--- Source data ---

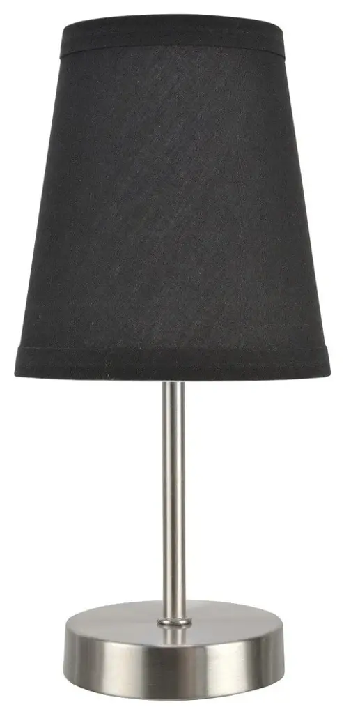 Aspen Creative is dedicated to offering a wide assortment of attractive and well-priced portable lamps, kitchen pendants, vanity wall fixtures, outdoor lighting fixtures, lamp shades, and lamp accessories. We have in-house designers that follow current trends and develop cool new products to meet those trends. Product Detail• Hardback Empire Fabric Lamp Shade in Black, 4" top x 5 1/2" bottom x 9" height | Metal construction in Satin Nickel• Uses 1 (E12) candelabra base light bulb, 40 watt max, Light bulb not included• On/Off Power Cord Switch, UL listed for indoor, dry location.• Our hardback shades use Virgin Styrene backing board to produce a warm, natural & smooth light more appealing than shades made with recycled Styrene board that can crack & yellow over time.
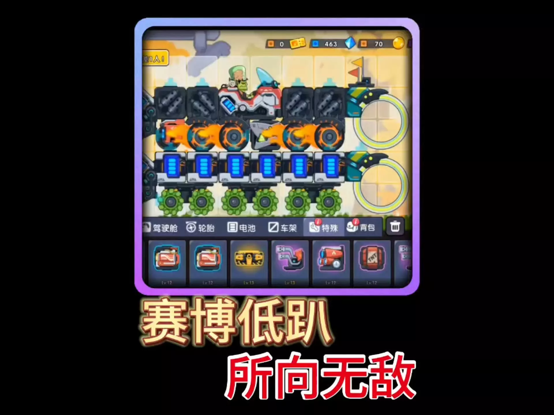 《极速赛车向前冲》是一款赛博风格赛车游戏,玩家可通过抽取宝箱收集赛博赛车部件,组装方式简单,将驾舱连接两个车轮即可完成组装,体验刺激的赛车竞速。
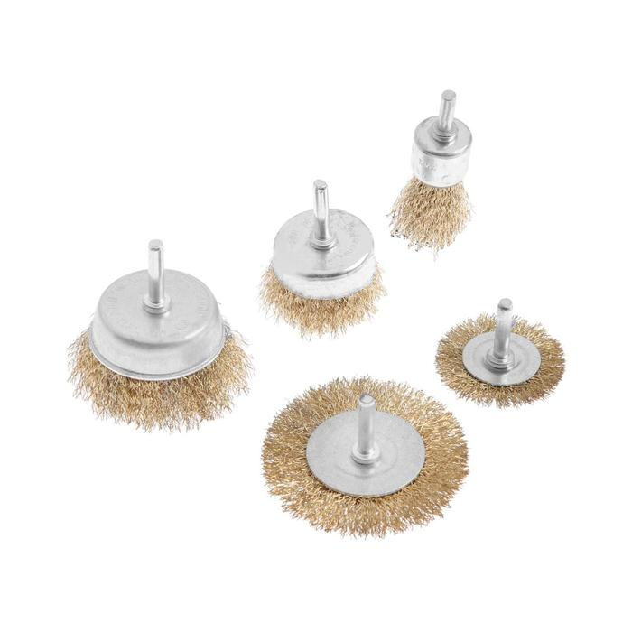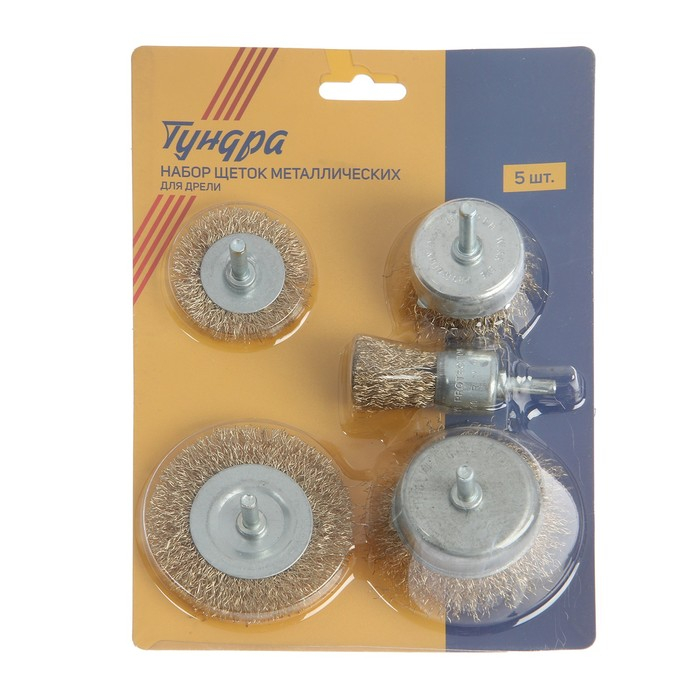 Набор щеток металлических для дрели ТУНДРА, плоские 50-75 мм, чашки 25-50-75 мм, 5 шт.
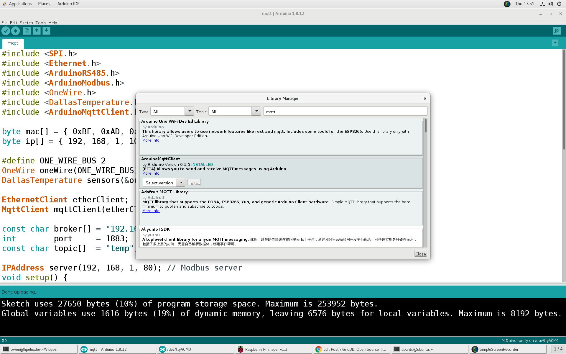 After installing and starting the Arduino IDE for your preferred OS (It can be on the Raspberry Pi but I prefer to connect it directly to my development workstation) install the Arduino Modbus and DallasTemperature libraries into the Arduino IDE.
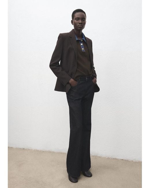 Fine-knit fabric, Straight design, Combined style, Polo collar, Combined collar, Cotton fabric collar in cowboy denim style, Long sleeves, Front closure with buttons, Available Plus Colour: black

---

__Your goal__:
Give back the listing word for word, minus its images.

__Your response__:
 Aspen Creative is dedicated to offering a wide assortment of attractive and well-priced portable lamps, kitchen pendants, vanity wall fixtures, outdoor lighting fixtures, lamp shades, and lamp accessories. We have in-house designers that follow current trends and develop cool new products to meet those trends. Product Detail• Hardback Empire Fabric Lamp Shade in Black, 4" top x 5 1/2" bottom x 9" height | Metal construction in Satin Nickel• Uses 1 (E12) candelabra base light bulb, 40 watt max, Light bulb not included• On/Off Power Cord Switch, UL listed for indoor, dry location.• Our hardback shades use Virgin Styrene backing board to produce a warm, natural & smooth light more appealing than shades made with recycled Styrene board that can crack & yellow over time.
 《极速赛车向前冲》是一款赛博风格赛车游戏,玩家可通过抽取宝箱收集赛博赛车部件,组装方式简单,将驾舱连接两个车轮即可完成组装,体验刺激的赛车竞速。
 Набор щеток металлических для дрели ТУНДРА, плоские 50-75 мм, чашки 25-50-75 мм, 5 шт.
 After installing and starting the Arduino IDE for your preferred OS (It can be on the Raspberry Pi but I prefer to connect it directly to my development workstation) install the Arduino Modbus and DallasTemperature libraries into the Arduino IDE.
 Fine-knit fabric, Straight design, Combined style, Polo collar, Combined collar, Cotton fabric collar in cowboy denim style, Long sleeves, Front closure with buttons, Available Plus Colour: black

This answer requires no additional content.